Heat of the Moment is the sequel Perfect Timing which was awarded 5-heart keeper status by a fellow reviewer. Readers who enjoyed that book and have been looking forward to a sequel are likely to be disappointed.
There’s much to dislike in Heat of the Moment: understanding what’s going on requires extensive knowledge of plot and characters from the previous book, and the story line is very convoluted. My biggest objection, however, is to the characters. I believe that most romance readers would prefer to read about characters they can like. Among the several main characters, there’s only one who comes close to likeable. These characters more properly belong in Lifestyles of the Rich and Venal; they don’t deserve a happily ever after.
Sydney Shanks is twice-married and now engaged to Jackson Bosse. She and Jack are in the process of establishing an art gallery designed for children. Sydney’s two husbands were millionaire business partners. She cheated on her first husband Henry Shanks with her second husband Russell Reck. She’s beautiful and, thanks to the divorce settlement with Russell, rich. She’s determined that now that Russell’s out of the slammer he won’t get back any of the dough in order to pay reparations to the government. Of course, she’s using some of it to bring culture to kiddies so you really shouldn’t call her covetous.
Jackson Bosse is yet another millionaire and a beta male. He wants to marry Sydney because he’s decided it’s time to settle down, and Sydney senses her biological clock is ticking so she’s willing. He seems comfortable with letting everyone walk all over him, particularly Sydney. He cries. He’s way out of his league with this self-serving, unscrupulous crew.
Alec Porter, an alpha male in the worst sense, is Sydney’s former lover. (Yes, another one.) He was her bodyguard, and they had a sexual relationship prior to this book. Now Alec’s back, trying to break up Sydney and Jack as well as bring down Russell in order to protect her. He’s loaded with psychological angst from a lousy childhood and his betrayal of his best friend and adoptive brother. Furthermore, he did something really bad Sydney doesn’t know about, and if she finds out, she’ll reject him completely. But he’s a stud and you’ve got to feel sympathy for the jerk in light of that lousy childhood.

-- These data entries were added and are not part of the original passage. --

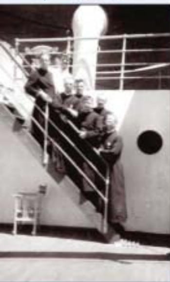
De zeven missionarissen.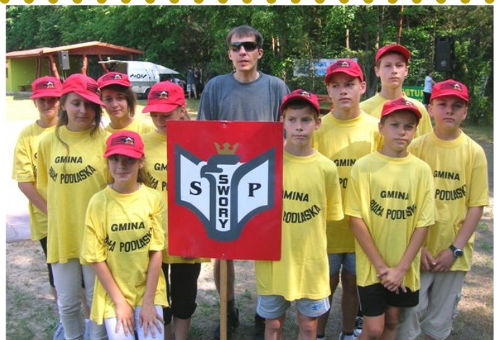
Drużyna z panem dyrektorem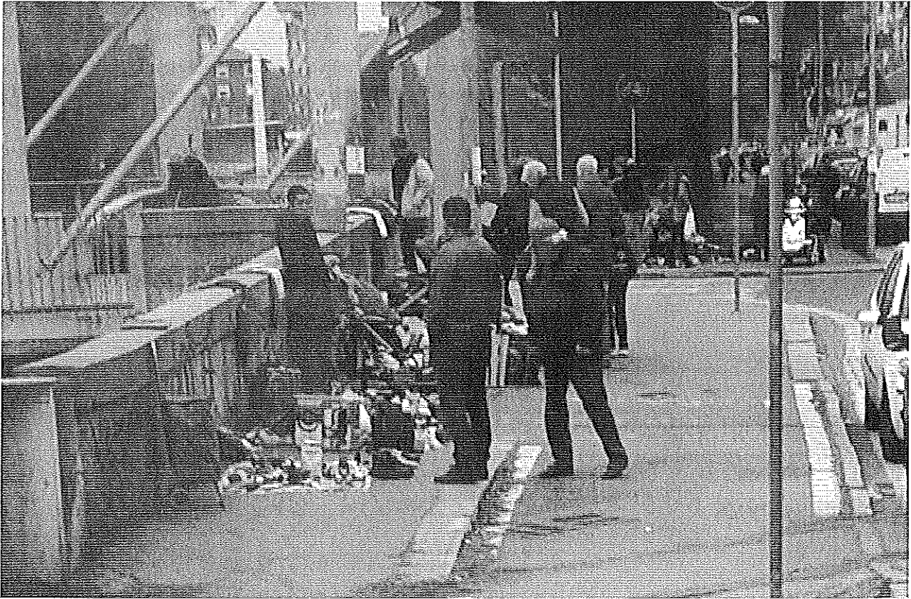
14.3.2015 L Dora Napoli Ponte Carpanini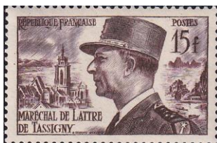
50. Марка Франции, к 20-летию смерти генерала Жана де Латр де Тассиньи, посмертного маршала Франции, 1972г.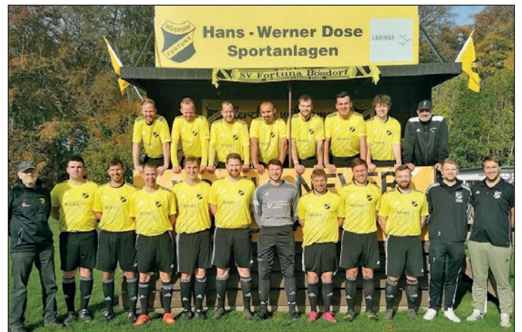
Aktuell Tabellenfünfter: Die Bösdorfer Herren.

Für den THW Kiel geht es nach DHB-Pokal und Champions-League endlich in der Bundesliga weiter, dies sogar mit einem Heimspiel. Gegner wird am 18. Februar 2023 (20.30 Uhr) in der -natürlich-ausverkauften Wunderino-Arena, der ASV Hamm sein. Acht Tage später reist der Rekordmeister dann nach Lemgo, der sich in der Vergangenheit doch zu einer Art „Angstgegner“ für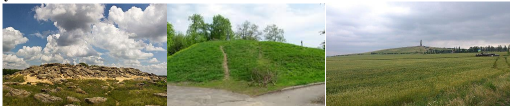
А Кам'яна могила

2) Виберіть зображення кургану, який згадано в історичній пісні «Ой Морозе, Морозенку...».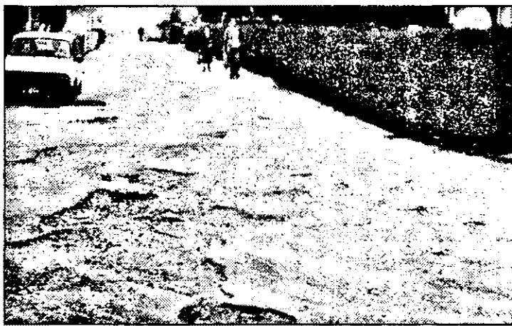
Nu, nu este poligonul vreunei școli de șoferi, cu acele prea cunoscute „porți” de testare a îndemânării, ci Aleea Saturn din Arad. Câte nu sunt însă ca ea...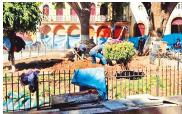
La remodelación de la plaza 15 de Agosto. GAMQ

Los conductores cuestionaron la falta de efectivos en el lugar pese a que pocas se encuentra las instalaciones de la Fuerza Especial de Lucha Contra el Crimen (Felcc). Asimismo, cuestionaron que la Policía no recibe las denuncias que presentan por agresiones.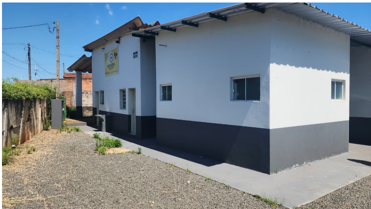
Figura 15 Pintura externa

Tel: (14) 99697-5852 (Joel) Email: aapc_apicultura@hotmail.com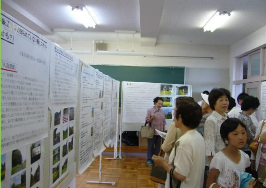
平成19年～文化祭にていすみ鉄道について展示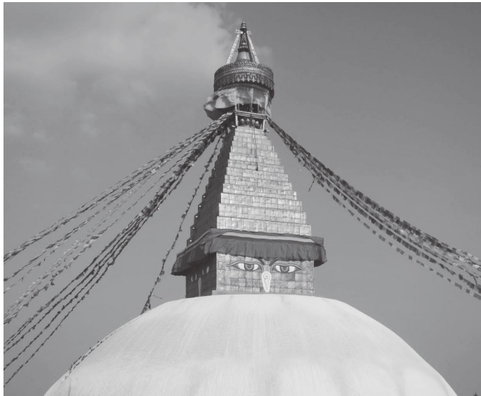
३५ किलो सुनको जलपले बनिएको नयाँ बौद्धनाथ स्तुपा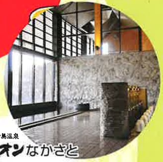
宮中島温泉 ミオンなかさと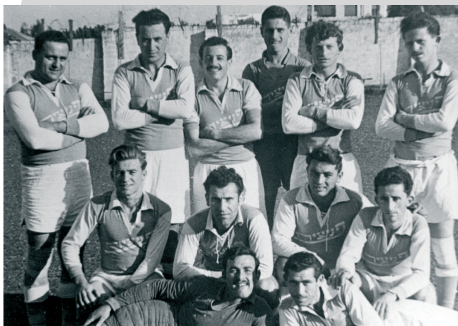
קבוצת הכדורגל של בית החרושת פניציה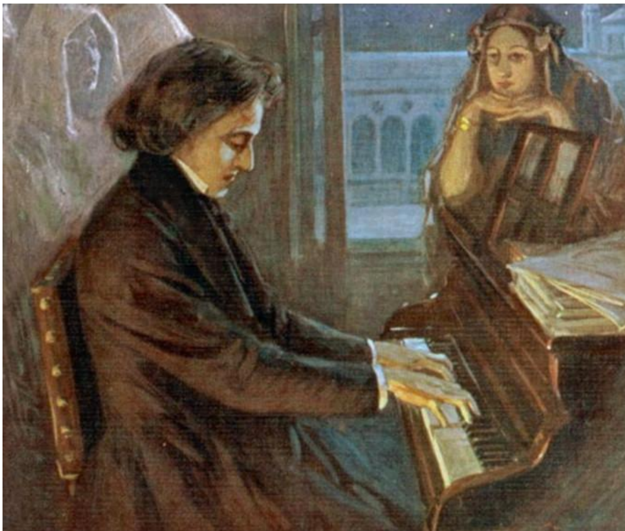
Баллада №1 Ф.Шопен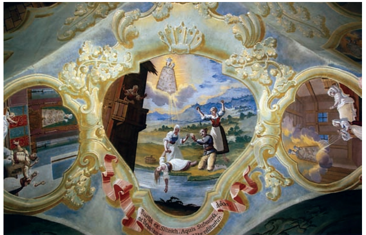
7. Ivan Krstitelj Ranger, Čudo sa spašenom utopljenicom iz 1600., zidna slika, Remete, 1747.

Ivan Krstitelj Ranger, The Miracle with a Woman Saved from Drowning from 1600, mural painting, Remete, 1747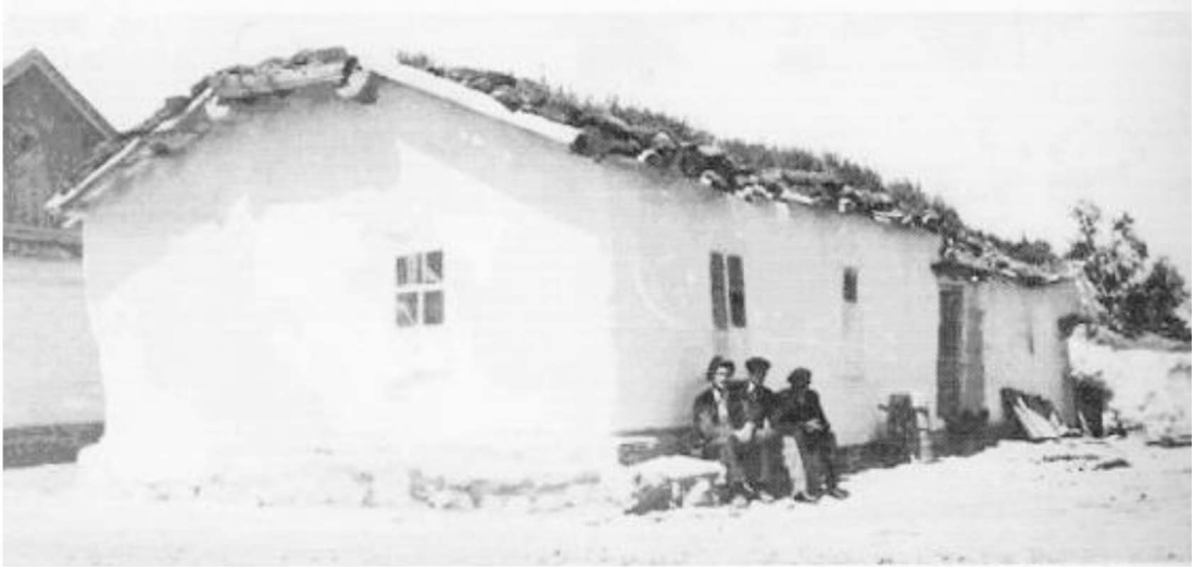
Resim 2: Çakmak Köyü'nde bir Malakan Evi 28

19. yüzyıl sonlarına doğru bu bölgede yaklaşık 6.500 Malakan nüfusu yaşamaktadır. 29 Malakanlar dışında savaş sonrası Kars bölgesinin nüfus profilini Kürt, Türk, Ermeni, Karapapak, Terekeme, Duhabor, Rum, Alman, Eston, Türkmen vb. etnik ve dinsel topluluklar oluşturmaktadır. 30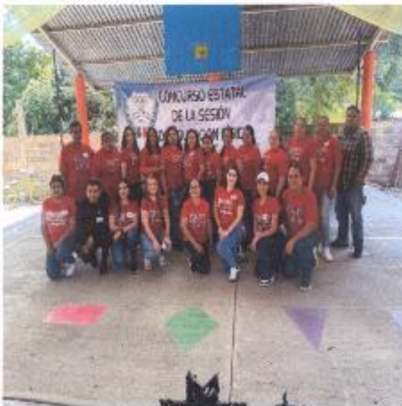
RECOPIACION DE VALES DE ZAPATOS Y MOCHILAS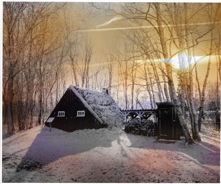
Winterlandschap in Twenterand

Hebt u een mooie foto voor deze rubriek? Mail die naar: communicatie@twenterand.nl .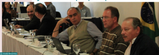
Reunião Plenária do Conselho aprovando o Código de Ética da arquitetura e do urbanismo que entrará em vigor em setembro

O Código de Ética e Disciplina para os arquitetos e urbanistas foi aprovado durante a 21ª Reunião Plenária do Conselho de Arquitetura e Urbanismo do Brasil (CAU/BR). A homologação da norma está prevista para os dias 5 e 6 de setembro. O documento será amplamente divulgado para os profissionais e sociedade. Este é o primeiro Código de Ética e Disciplina específico para os arquitetos e urbanistas editado no Brasil e será um instrumento de valorização da profissão.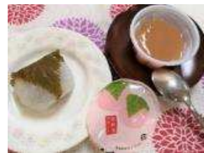
桜餅・お茶/コーヒー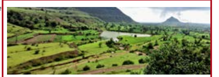
हिरवा निसर्ग हा भवतीने... अशा सुंदर मराठी गाण्याच्या ओळी हे दृश्य पाहिल्यावर ओठावर येतात. नुकत्याच पडलेल्या पावसाचे नयनरम्य दृश्य.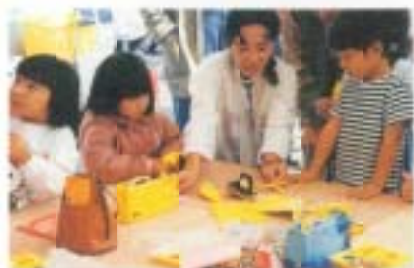
11/22 第35回南国市ほいくまつり (J.A野田ライスセンター)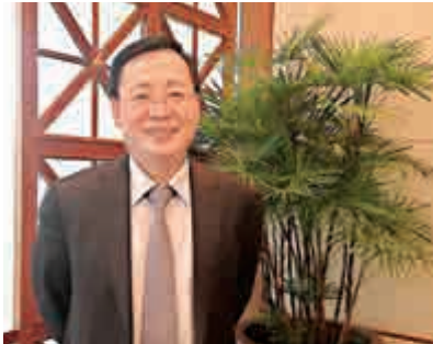
◀林中表示，公司未來三、五年的增長仍會維持過去幾年的高水平

放鬆，效果需時彰顯，故預料5至6月的市場反應較為明顯。公司今年推13個新盤，當中9個為下半年推出。他又預料，內房企今年不會減價促銷，其中一線城市樓價更會上升，二、三線城市則較平穩，公司今年將主要在一線城市補充土地。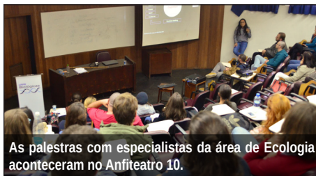
As palestras com especialistas da área de Ecologia aconteceram no Anfiteatro 10.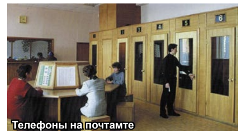
Телефоны на почтамте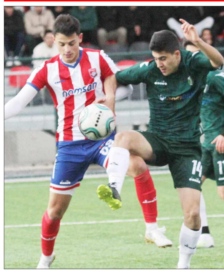
1. Amatör Küme maçından bir enstantane...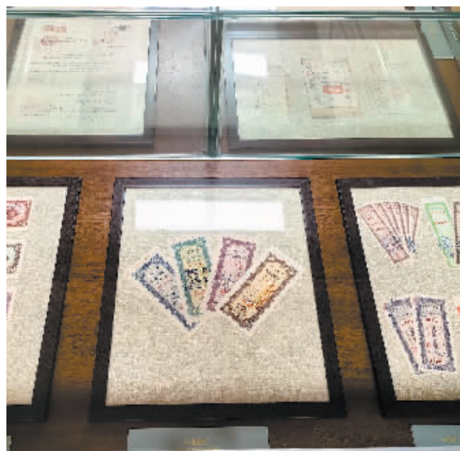
工行田地支行展出的中国人民银行首期有奖储蓄存单。

Russell Reck is villainous through and through. Prior to this book, he was involved in criminal activity; Sydney provided some of the evidence that led to his conviction and prison sentence. Now he’s out of prison again, and he doesn’t believe in forgive and forget. He intends to make Sydney pay, and he’s not above using anyone and anything to achieve his evil ends. This guy’s rotten to the core with no mitigating factors.
Petroula (Rocky) Reck is Russell’s youngest daughter, and the only one who lived with Russell and her stepmother Sydney (whom she calls the ‘stepmonster’). Rocky is now in law school and is working at the gallery during her summer break. She was neglected for years by her father and her absentee mother. It was only during prison visits that Rocky established a relationship with Russell. She’s bitter towards everyone and yearns to punish Sydney by any means including spying for her father. Her words and behavior are often completely irrational and even incomprehensible. But since all she ever wanted was for Daddy to love her, that apparently excuses a lack of rationality.
The publisher is marketing Heat of the Moment as romantic suspense. I usually think of romantic as meaning nice people finding love - that description hardly fits this book. But there is a little suspense: it’s in wondering when Jackson Bosse is going to wise up, turn his back on this crowd, and go find some nice friends.
Those readers who enjoyed the first book may want to check out the sequel, but other readers will be well advised to give this one a pass.